Había seguido a Cam en Letterboxd en un arranque de optimismo, pensando que, a pesar de nuestra desgarradora ruptura, había un lugar donde podíamos seguir conectados, un plano por encima de la gravedad egoísta de la Tierra. En Letterboxd no hay fotos nuevas, actualizaciones personales ni estados de relación. Esos pequeños espacios donde los celos acechan y el desamor domina.

“TikTok me dijo que esto pasaría”, escribió. “Mercurio está retrógrado y una ex aparecería de la nada”.

“Bueno, yo culparía a Christopher Nolan antes que a la astrología”, le respondí.

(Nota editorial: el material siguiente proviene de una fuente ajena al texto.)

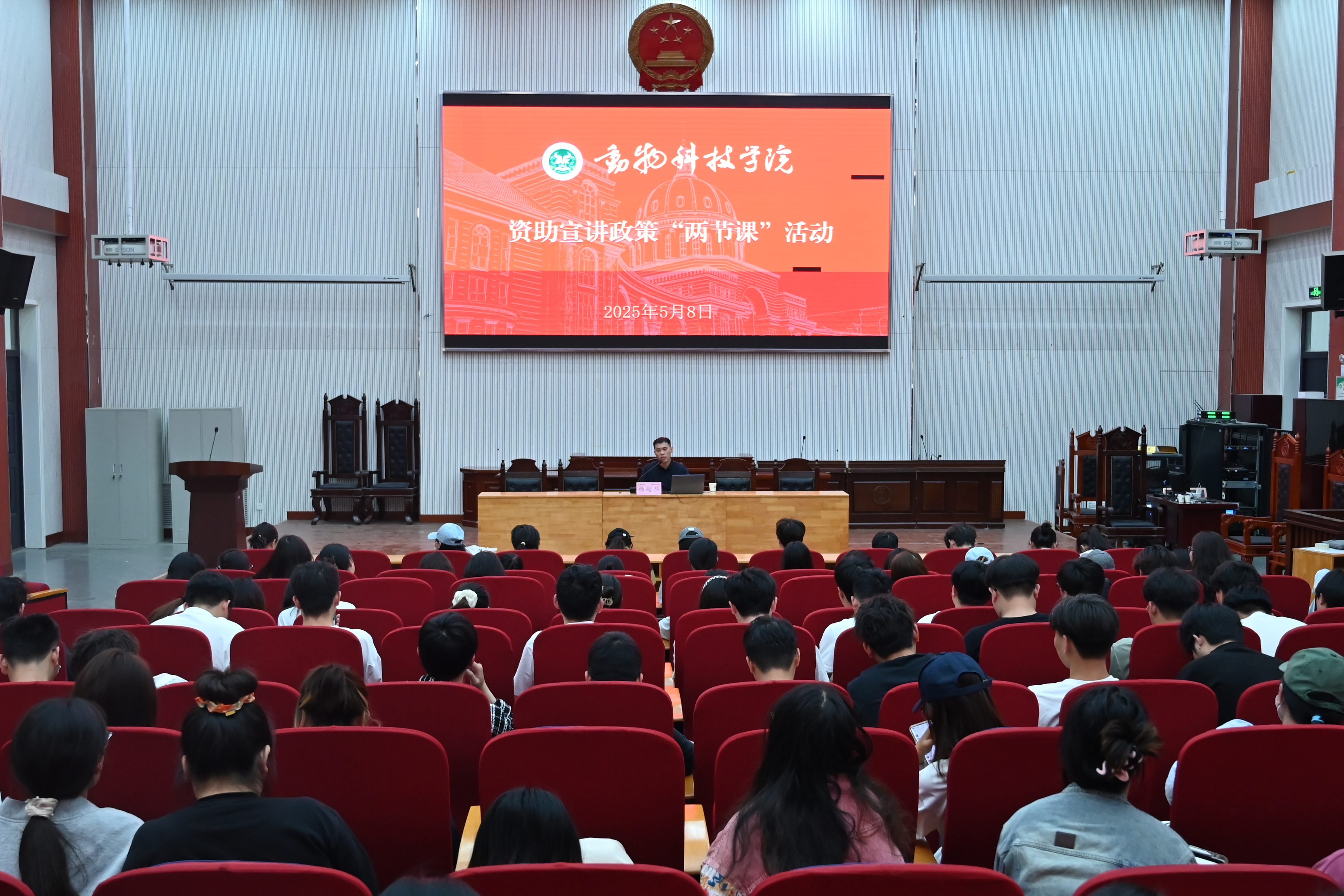 于龙子湖校区繁塔楼大教室三举办2025届毕业生资助政策宣讲“两节课”活动,院党委副书记郭娟、副院长李转见、院组织员兼团委书记韩笑,辅导员赵姝灿、杨超然出席活动,2025届全体毕业生参加活动。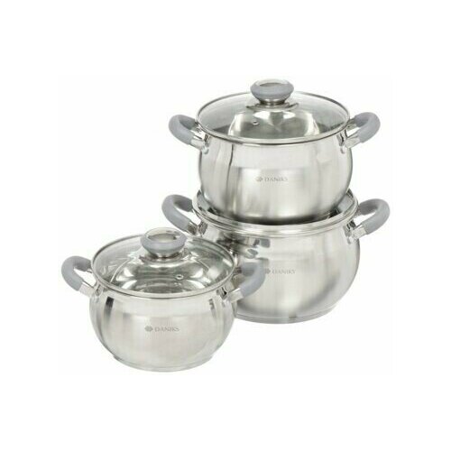 Набор посуды нержавеющая сталь, 6 предметов, кастрюли 2.1, 2.9, 3.9 л, Daniks, Нара, GS-01413-6PC-2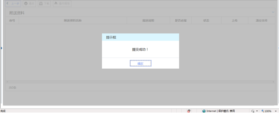 4、 點擊“下一步”跳轉(zhuǎn)至上傳附送資料頁面,本功能無需提交附列資料,點擊“提交”,系統(tǒng)將提示提交成功,該申請?zhí)峤坏蕉悇?wù)機關(guān)系統(tǒng)中,申請操作全部完成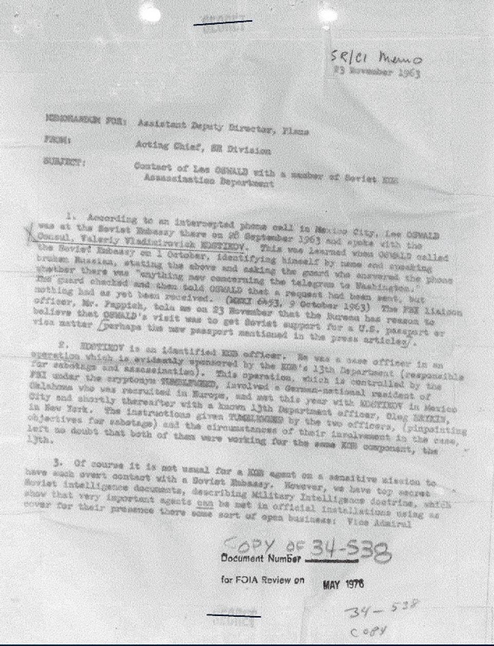 «Oswald llamó a la Embajada Soviética el 1 de octubre, identificándose por su nombre y hablando ruso roto, indicando lo anterior y preguntando al guardia que contestó al teléfono si había ‘algo relacionado con el telegrama a Washington’, un memorando escrito por el oficial de la CIA Tennent H. Bagley escribió el 23 de noviembre de 1963, al día siguiente del asesinato.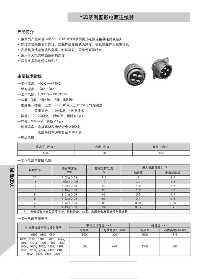 供應航天YGD系列圓形電連接器: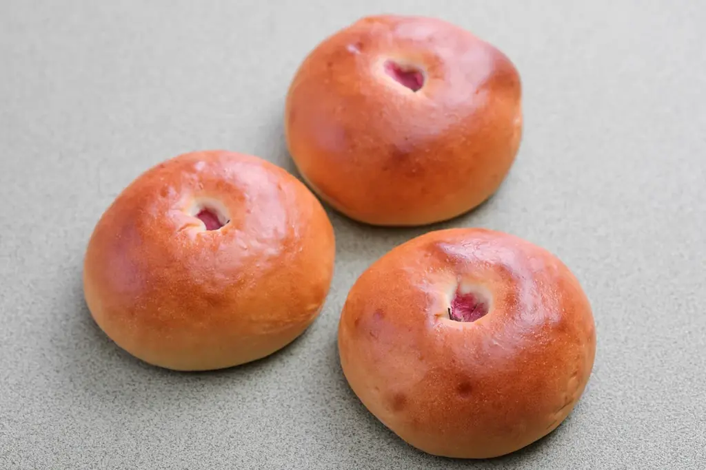 • 桜あんぱん 300円 : 桜風味のこしあんを包んだあんぱん。桜の花の塩漬けがアクセント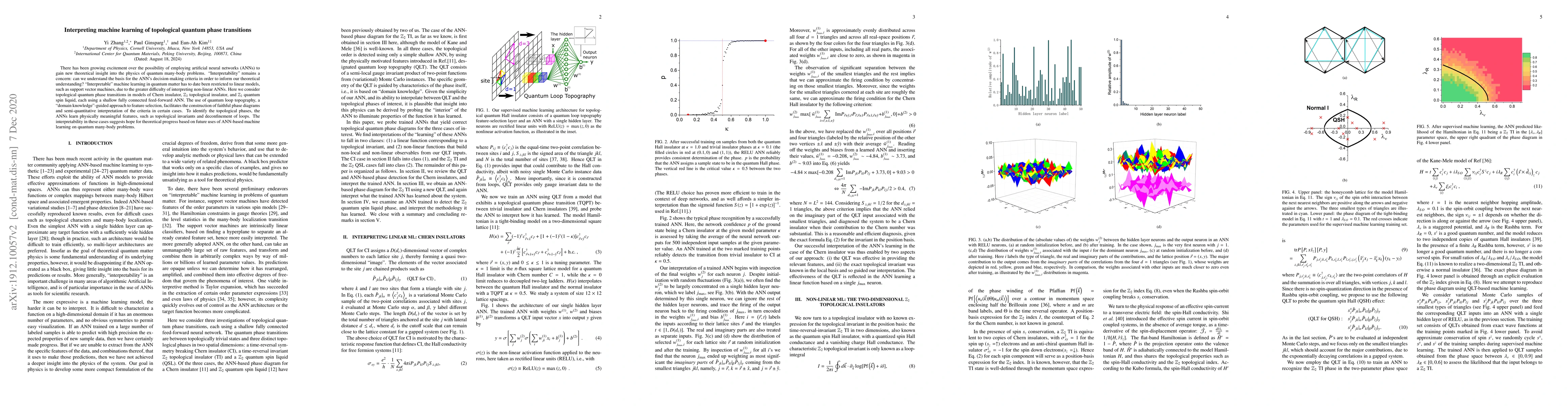 This paper explores the use of shallow fully connected feed-forward artificial neural networks (ANNs) to interpret topological quantum phase transitions in models like Chern insulators and $\mathbb{Z}_2$ topological insulators. Quantum loop topography aids in constructing meaningful phase diagrams and offers semi-quantitative interpretations of ANN decision-making criteria.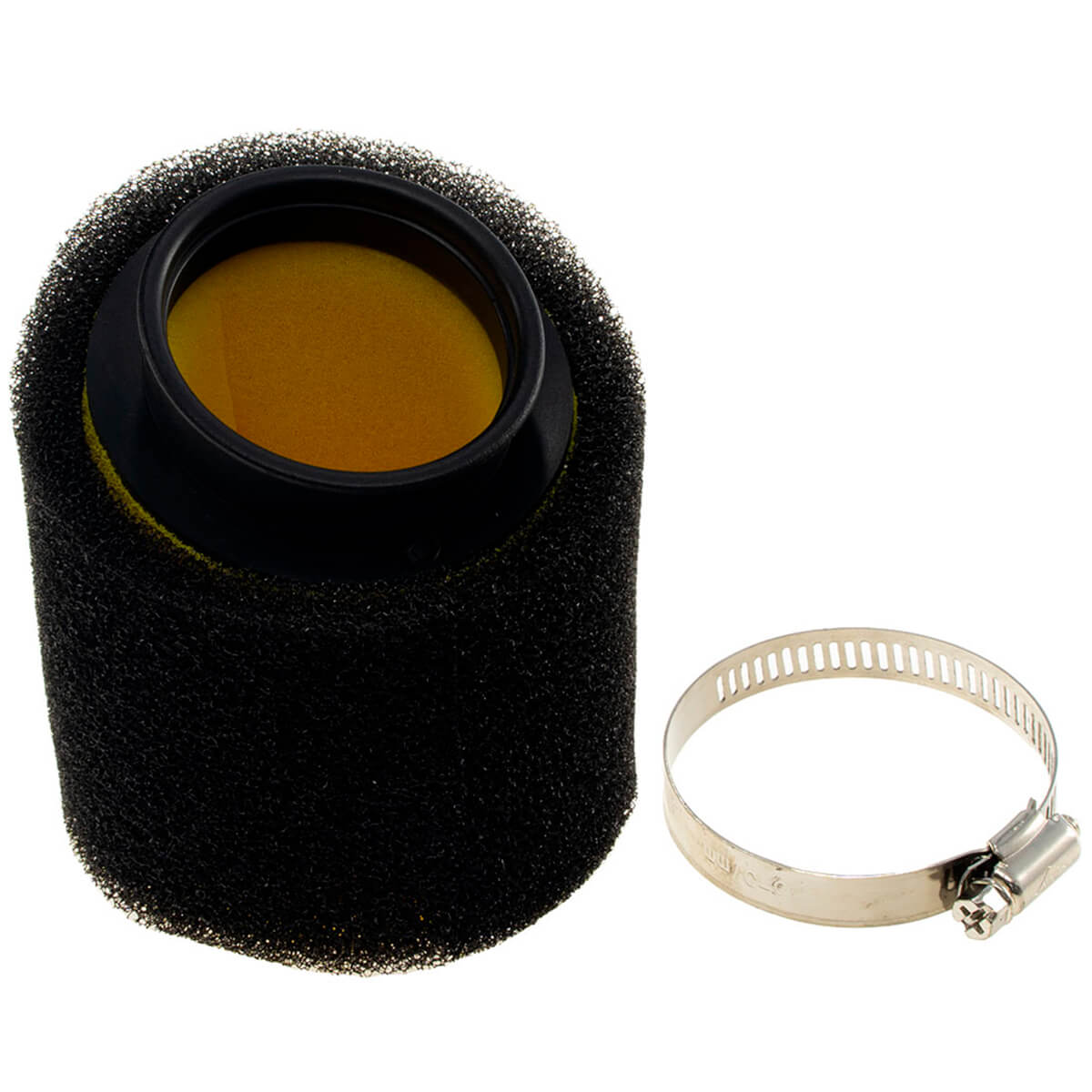 - • Двухслойная защита: Черный крупноячеистый поролон задерживает песок, куски грязи и воду, а внутренний желтый мелкоячеистый слой блокирует микроскопическую абразивную пыль, спасая поршневую группу от износа.

“Christopher Nolan es astrología para chicos”.

Sonreí mientras tecleaba. “Concepto elevado con detalles que pasan desapercibidos”.

“Lo suficientemente amplio como para tratarse de cualquier cosa”, respondió.

Enamorarse de Cam fue una experiencia salpicada de películas. Nos conocimos en la Warner Bros., donde ambos estábamos haciendo prácticas. En nuestros primeros meses juntos, fuimos al cine todas las semanas y vimos “Dulzura americana”, “La llegada”, “Luz de Luna” y “La La Land: Una historia de amor”.

La primera vez que nos acostamos, Cam había venido a ver “Reina de la Tierra” en el televisor de 24 pulgadas de mi compañera de departamento. A mitad de la película, apoyé los pies en su regazo. Más tarde me dijo que fue entonces cuando supo que estaríamos juntos.

Pronto me enteraría de que, para Cam, ver aquella película a pequeña escala era como ver un Van Gogh a través de un plexiglás agrietado y manchado de grasa: una vergüenza. Pero estaba haciendo lo que todos hacemos cuando intentamos conquistar a alguien: hacerse el interesante, eludir partes esenciales de nosotros mismos por miedo al rechazo.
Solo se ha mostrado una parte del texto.